#### [EXERCISE PROMPT]
Find the line with "3.下表所列专业对报考条件、" in the records below. Output exactly from there until after the line with "截至2025年四季度末,基金", without pictures.

#### [WORKING DATA]
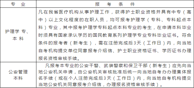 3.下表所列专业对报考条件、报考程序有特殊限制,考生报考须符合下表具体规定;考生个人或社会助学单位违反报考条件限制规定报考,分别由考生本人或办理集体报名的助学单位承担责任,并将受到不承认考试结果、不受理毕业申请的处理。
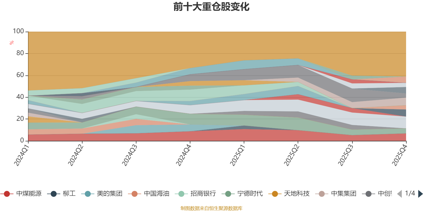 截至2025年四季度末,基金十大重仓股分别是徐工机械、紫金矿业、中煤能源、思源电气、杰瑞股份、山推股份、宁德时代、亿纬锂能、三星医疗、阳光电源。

---

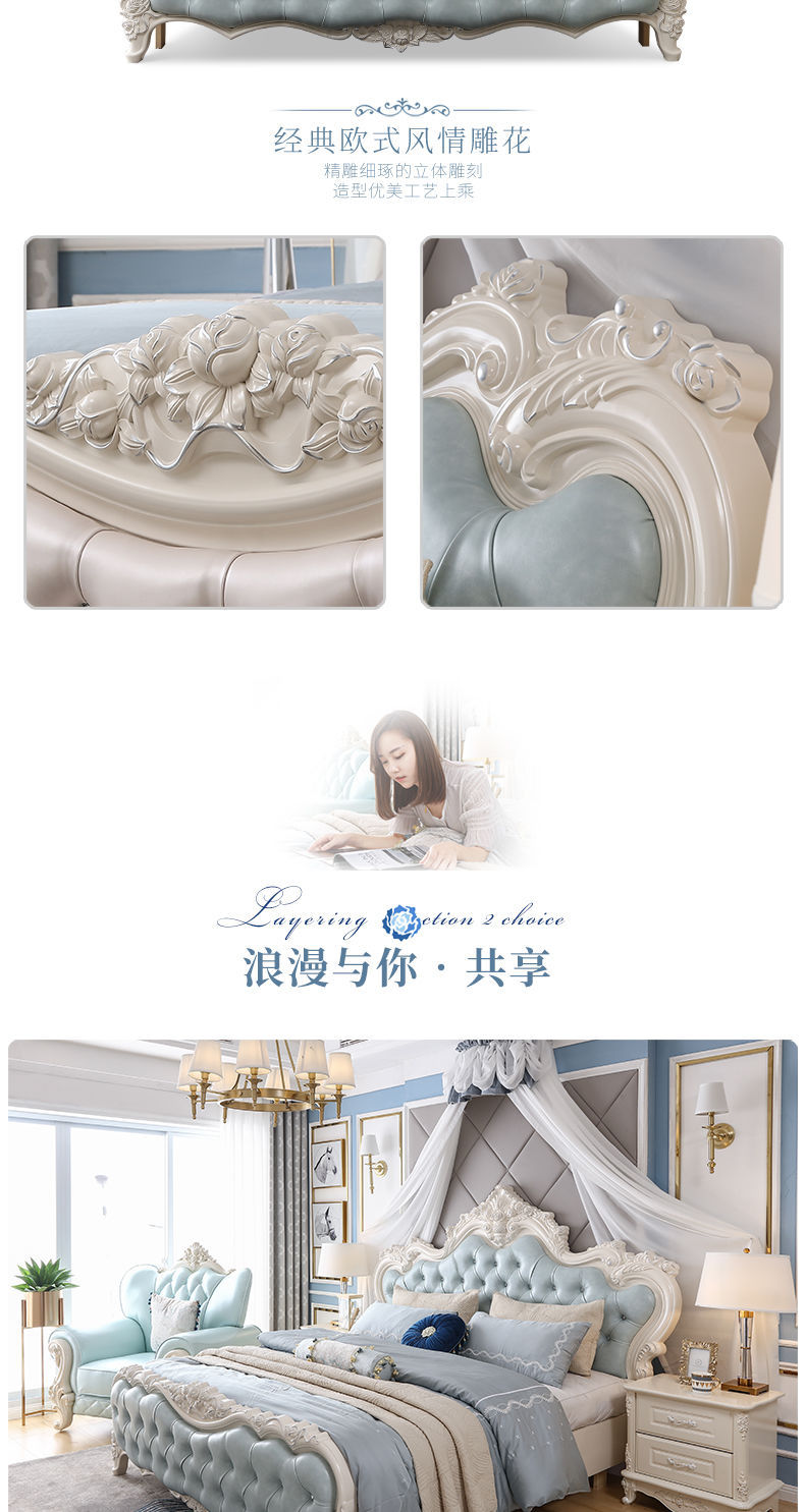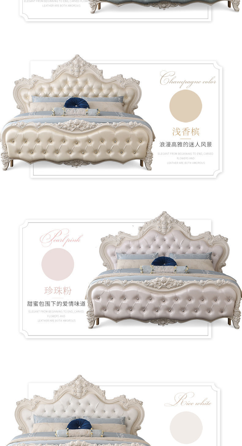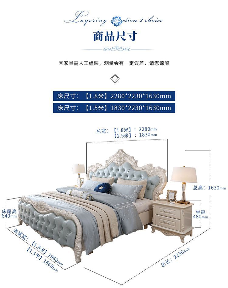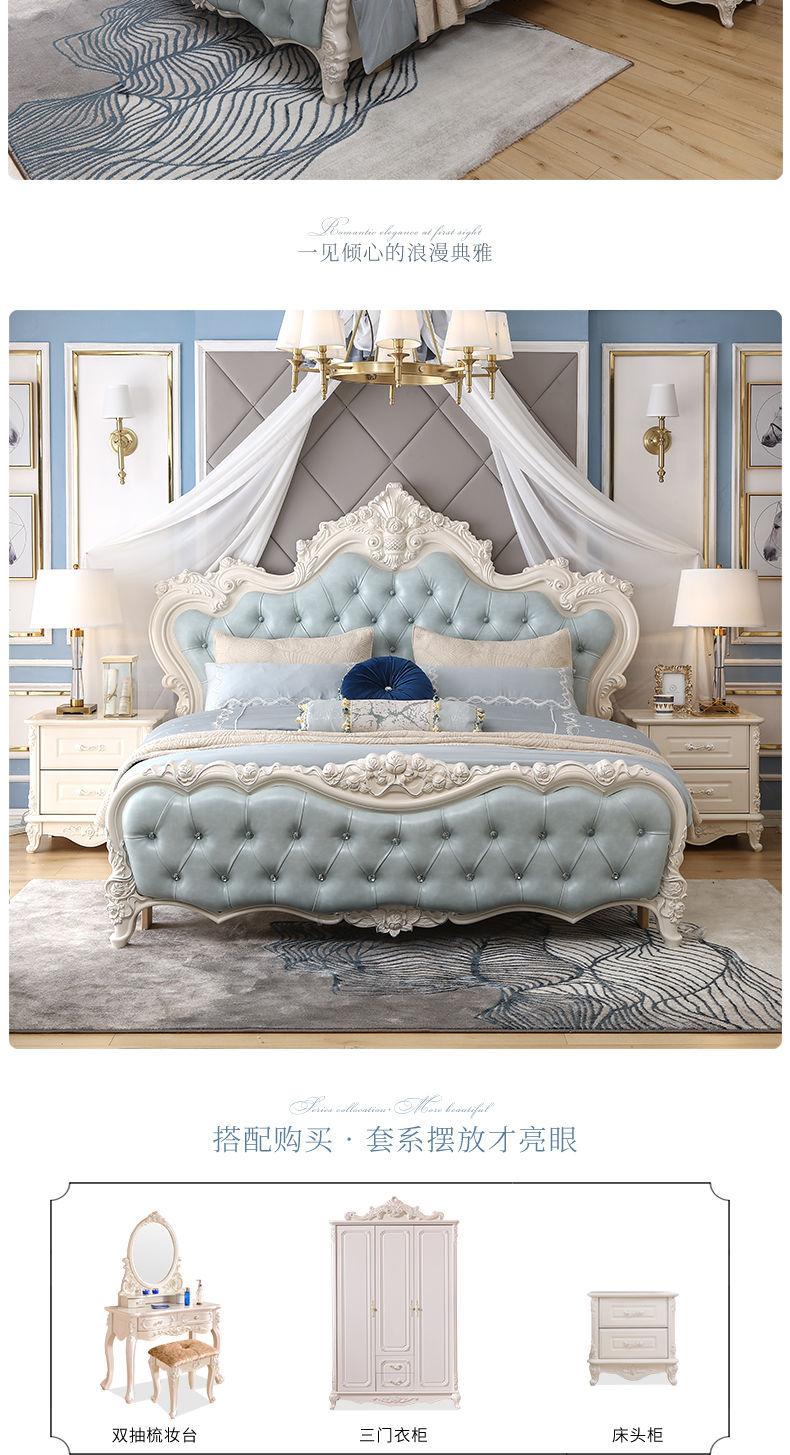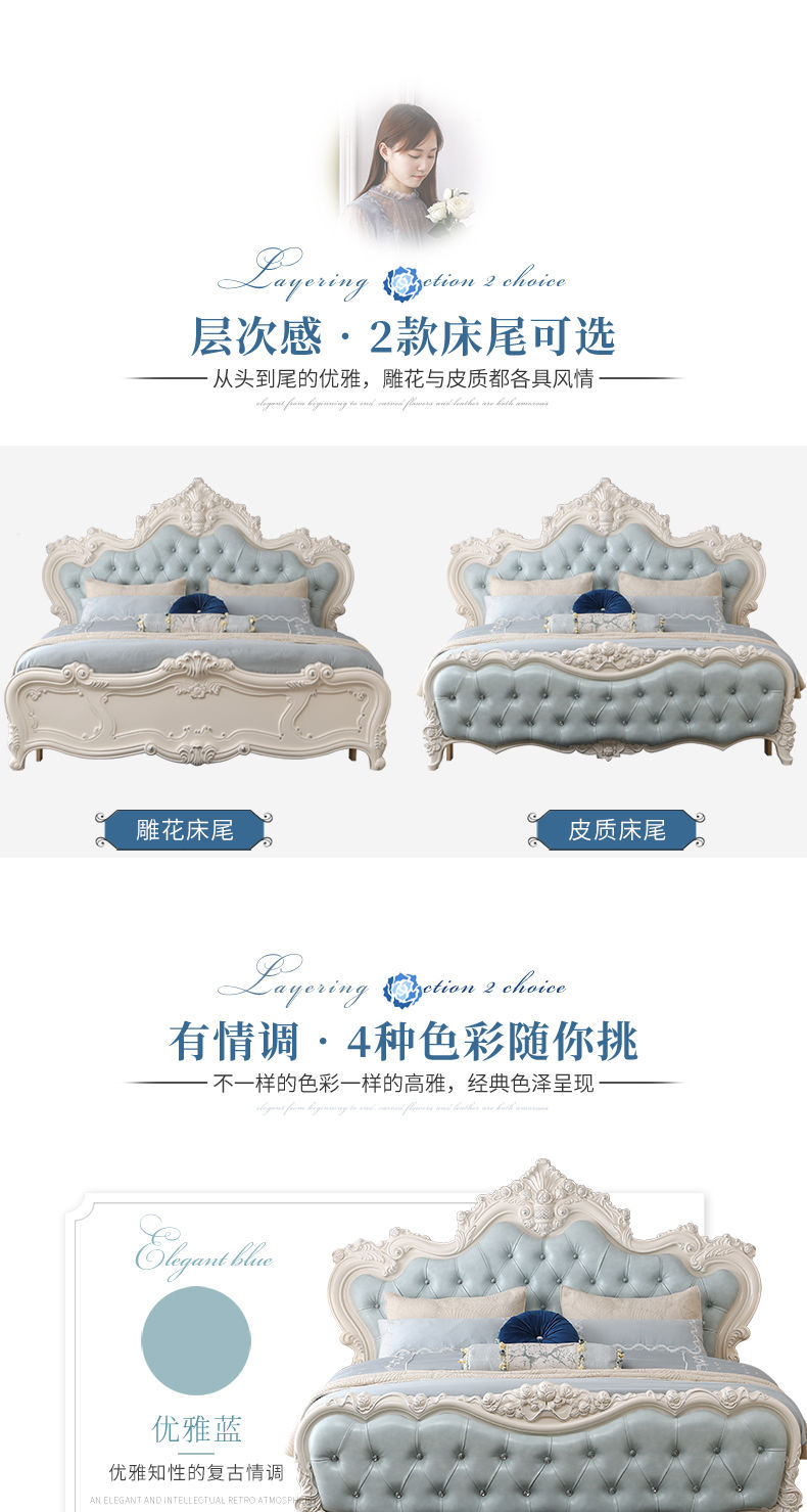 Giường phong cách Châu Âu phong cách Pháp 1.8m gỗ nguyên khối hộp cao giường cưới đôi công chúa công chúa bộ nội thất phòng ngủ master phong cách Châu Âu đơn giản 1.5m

#### [WRITTEN RESPONSE]
 3.下表所列专业对报考条件、报考程序有特殊限制,考生报考须符合下表具体规定;考生个人或社会助学单位违反报考条件限制规定报考,分别由考生本人或办理集体报名的助学单位承担责任,并将受到不承认考试结果、不受理毕业申请的处理。
 截至2025年四季度末,基金十大重仓股分别是徐工机械、紫金矿业、中煤能源、思源电气、杰瑞股份、山推股份、宁德时代、亿纬锂能、三星医疗、阳光电源。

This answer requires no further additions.